Nene still did not answer.

“Why does he have to introduce himself with all his names? Weirdo,” she thought.

Dimeji kept talking.

“Ahn ahn … Are you going to ignore me even now, when I am standing right in front of you?” he asked.  A frown had twisted his brow into odd waves of skin, and the dimples made a very limited appearance as if they were shy.  Nene snapped out of her reverie.

“Oh sorry … What did you say again?”

“I’m Dimeji Bakare.  You can call me Richard.  And you are?”

“Nene. Nene Alozie,” she said, smiling in spite of herself.

“Auntie, na which mineral you want make I give you?” the woman asked.  She was tired of watching this drama and just wanted to get paid.

“The Mirinda is fine, Madam.  Twelve bottles of Coke, eight bottles of Fanta, and four bottles of Mirinda,” Nene replied, turning back to face the woman.

“Madam, please add two cartons of Chivita, the pineapple one.  I will pay for everything,” Dimeji offered.

Nene tried to convince him otherwise, but he would not be deterred.

“Consider it a gift, from a neighbor,” he said, as he paid for everything Nene had purchased, including the crate of drinks.  As she thanked him, he said it was his pleasure, and was about to ask her some more questions when his phone rang.  He answered it and immediately burst into fluent Hausa.
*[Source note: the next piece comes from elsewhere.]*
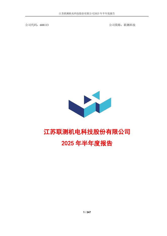 688113-联测科技:江苏联测机电科技股份有限公司2025年半年度报告.pdf

Nene was shocked.

The phone call lasted for just a minute, and Nene immediately asked about his speaking Hausa.

“I grew up in Kaduna.  I moved to Lagos when I was about to start secondary school. Oh, sorry.  I didn’t mean to detain you.  Your visitor will be waiting for the drinks.”
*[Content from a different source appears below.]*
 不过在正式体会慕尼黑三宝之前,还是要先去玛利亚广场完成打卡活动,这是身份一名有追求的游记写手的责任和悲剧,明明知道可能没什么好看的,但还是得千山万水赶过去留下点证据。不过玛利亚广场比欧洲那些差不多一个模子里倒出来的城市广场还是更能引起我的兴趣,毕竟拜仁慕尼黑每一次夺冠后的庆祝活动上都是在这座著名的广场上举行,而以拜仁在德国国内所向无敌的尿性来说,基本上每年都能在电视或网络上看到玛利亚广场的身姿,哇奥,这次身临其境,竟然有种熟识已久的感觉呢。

“How did you know they were meant for a visitor?”  Nene asked puzzled.

“I saw him entering your house as I was driving past.”

“Your eyes are sharp o.”

“Not as sharp as they need to be,” Dimeji replied.
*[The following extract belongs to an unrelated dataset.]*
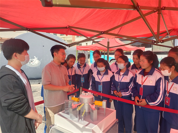 中國科學(xué)院近代物理研究所自幫扶和政縣以來,高度重視推進(jìn)教育幫扶、助力鄉(xiāng)村振興工作,近年來,在扎實(shí)開展產(chǎn)業(yè)幫扶、消費(fèi)幫扶的同時,通過組織結(jié)對關(guān)愛、科普活動進(jìn)村入校、邀請和政縣優(yōu)秀中小學(xué)生赴蘭州實(shí)地參觀研究所大科學(xué)裝置、贈送圖書、開展“微心愿”認(rèn)領(lǐng)等形式多樣的活動,用心用情用力開展教育幫扶,認(rèn)真貫徹落實(shí)習(xí)近平總書記關(guān)于教育幫扶系列重要講話精神。此次活動,近代物理研究所黨委辦公室與教育處協(xié)同精心組織,遴選10名研究生擔(dān)任科普志愿者,既是為中學(xué)生們帶來生動有趣講解,也是發(fā)揮他們自身一路求學(xué)奮進(jìn)的示范引領(lǐng)作用,激勵中學(xué)生們志存高遠(yuǎn),點(diǎn)燃夢想,更加用功學(xué)習(xí),將來造福家鄉(xiāng)。

That last sentence further confused Nene, and as she returned home, she wondered what he meant.  She left him and returned to the car where Godwin was waiting for her.  They both returned to the house.  Nene told Auntie Dubem that a neighbor had paid for the drinks, and she was very pleased.

Nene went with a tray of drinks to serve the visitor.  She knew he would only drink one bottle, but it was for the sake of variety that she presented him with three different bottles.  After greeting him, he pointed to the bottle of Mirinda.  She was just grabbing the bottle opener when her uncle addressed her:

“Nene, Prof and I have been talking.  The friend he came to visit is the General Manager at one of the local banks.  He might be able to get you a job there.”

“Oh, really?  Oh, that would be very nice, sir,” Nene said in response to her uncle. Then, turning to Prof, she said almost knelt down while the words, “Thank you, sir,” escaped from her lips.  Prof smiled his acknowledgment.

“What course did you study in school?” Prof asked.

“Business Administration, sir,” Nene replied.

“Come on, Prof.  You know that even if she read Agric. Science, she can still get a job at a bank,” Chief teased.  Both men laughed and the conversation switched to politics.  Nene took that as her cue and slipped away.

After Prof left, Chief told her to send her CV to him by e-mail, which she did promptly.  He would forward it to his contacts, including the very prospective one they had already discussed.  That night, Nene went to bed full of hope.